Chapter 4

Thirty-four-year-old Kate Williams was curled up in the fetal position in the overstuffed chair opposite me, in the basement office where I’d been seeing patients since being suspended from DC Metro five months before.

“I’ll end up killing myself, Dr. Cross,” Kate said. “Probably not today or tomorrow. But it’s going to happen. I’ve known that since I was nine years old.”

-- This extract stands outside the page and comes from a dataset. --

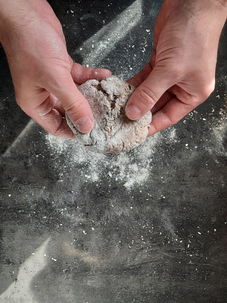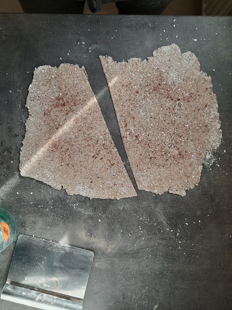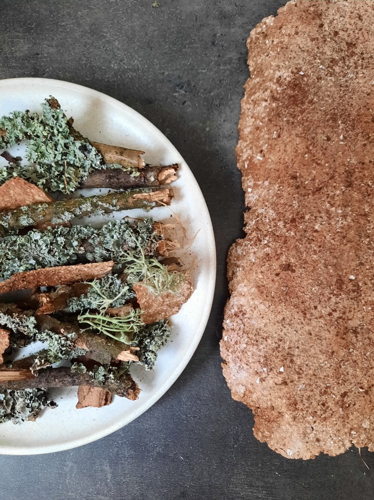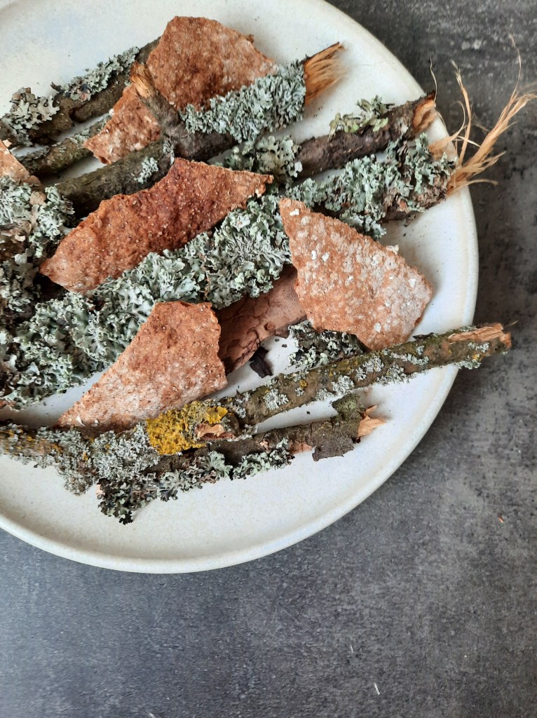 Przepis jest banalnie prosty, nie potrzebujesz robota kuchennego do wyrobu ciasta i myślę że każdy piec da sobie radę. Jestem w stanie stwierdzić że rozgrzane kamienie, albo blacha nad ogniskiem też dałaby radę, jeśli jesteś fanem wycieczek w teren i gotowania w plenerze. Od razu ostrzegam, nie wszystkim przypadnie do gustu. Jest chrupki, lekko kwaśny i od kory sosnowej może mieć gorzkawy posmak. Jednak z serkiem twarogowym odnajdzie idealny balans, hummus, pasty jajeczne to też dobra alternatywa. Przede wszystkim to dla mnie, moim zdaniem to dobra i zdrowa przekąska. Jeśli nie masz kory, możesz zrobić je z innymi przyprawami, nasionami.

Her voice was flat, her expression showing the anger, fear, and despair that her tone didn’t betray. Tears welled and slipped from eyes that would not meet mine.

I took her threat seriously. From her records, I knew some of the damage she’d done to herself already. Kate’s teeth were stained from drug abuse. Her dirty blond hair was as thin and brittle as straw, and she wore a long-sleeve Electric Daisy Carnival T-shirt to hide evidence of cutting.

“Is that when it started?” I asked. “When you were nine?”

Kate wiped at her eyes furiously. “You know, I’m not talking about it anymore. Digging around back there never helps. Just pushes me to pull the plug on sobriety, on everything, sooner.”

I set my notepad aside, sat forward with my palms up and said, “I’m just trying to understand your history clearly, Kate.”

She crossed her arms. “And I’m just trying to hang on, Doc. The court ordered me here as a term of my probation, otherwise I gotta tell you, I’d be a no-show.”

This was our second session together. The first hadn’t gone much better.

For a few moments I studied her slouched posture and the way she used her thumbnail to dig at the raw cuticles around her fingers, and I knew I was going to have to change the dynamic in the room if I was to get through to her.

There was another seat beside Kate I usually reserved for couples therapy, but I got up and sat in it so that I was roughly her mirror image, side by side. I let that physical change settle in her. At first she seemed threatened, shifting away from me. I said nothing and waited until she lifted her head to look at me.

“What do you want?”

“To help, if I can. To do that I have to see the world the way you see it.”

“So, what, you sit next to me and expect to see the world the way I do?”

I ignored the caustic tone, and said, “I sit next to you rather than confront you, and maybe you give me a glimpse of your world.”

Kate sat back, looked away from me, and said nothing for ten, then fifteen deep, ragged breaths.

“Yes, nine,” she said at last. “Just before my tenth birthday.”

“You knew him?”

“My Uncle Bert, my mom’s sister’s husband,” she said. “I had to go live with them after my mom died.”

“That’s brutal. I’m sorry to hear that. You must have been terrified, betrayed by someone you trusted.”

Kate looked at me and spoke bitterly. “It wasn’t a betrayal. It was a robbery, armed robbery. None of that slow ‘grooming’ you hear about. Six months after I got there, my Aunt Meg went to visit friends for the weekend. Uncle Bert got drunk and came into my bedroom carrying a hunting knife and a bottle. He threatened me with the knife, told me he’d cut my throat if I ever said a thing. Then he pinned me facedown and...”

I could see it in my head and felt sickened. “You tell anyone?”

“Who would believe me? Uncle Bert just so happened to be the sheriff. Aunt Meg idolized him, the piece of shit.”

“How long did the abuse go on?”

“Until I ran away. Sixteen.”

“Your aunt never suspected?”

Kate shrugged and finally looked over at me. “When I was a little, little girl, I loved to sing with my mom in the church choir. My aunt was in a choir, too, and until Uncle Bert came into my room, singing with her was the only thing that made me happy. I could forget things, become part of something.”

She was blinking, staring off now, and I saw the muscles in her neck constrict.

“And after Uncle Bert?”

Kate cleared her throat, said in a soft rasp, “I never sang in tune again. Just couldn’t hold a note for the life of me. Aunt Meg could never figure that one out.”

“She never knew?”

“She was a good soul in her way. She didn’t deserve to know.”

“You weren’t at fault, you know,” I said. “You didn’t cause the abuse.”

Kate looked over at me angrily. “But I could have stopped it, Dr. Cross. I could have done what I wanted to do: snatch that Buck knife off the nightstand when he was done with me and lying there all drowsy drunk. I could have sunk the knife in his chest, but I didn’t. I tried, but I just couldn’t do it.”

Kate broke down then, and sobbed. “What kind of coward was I?”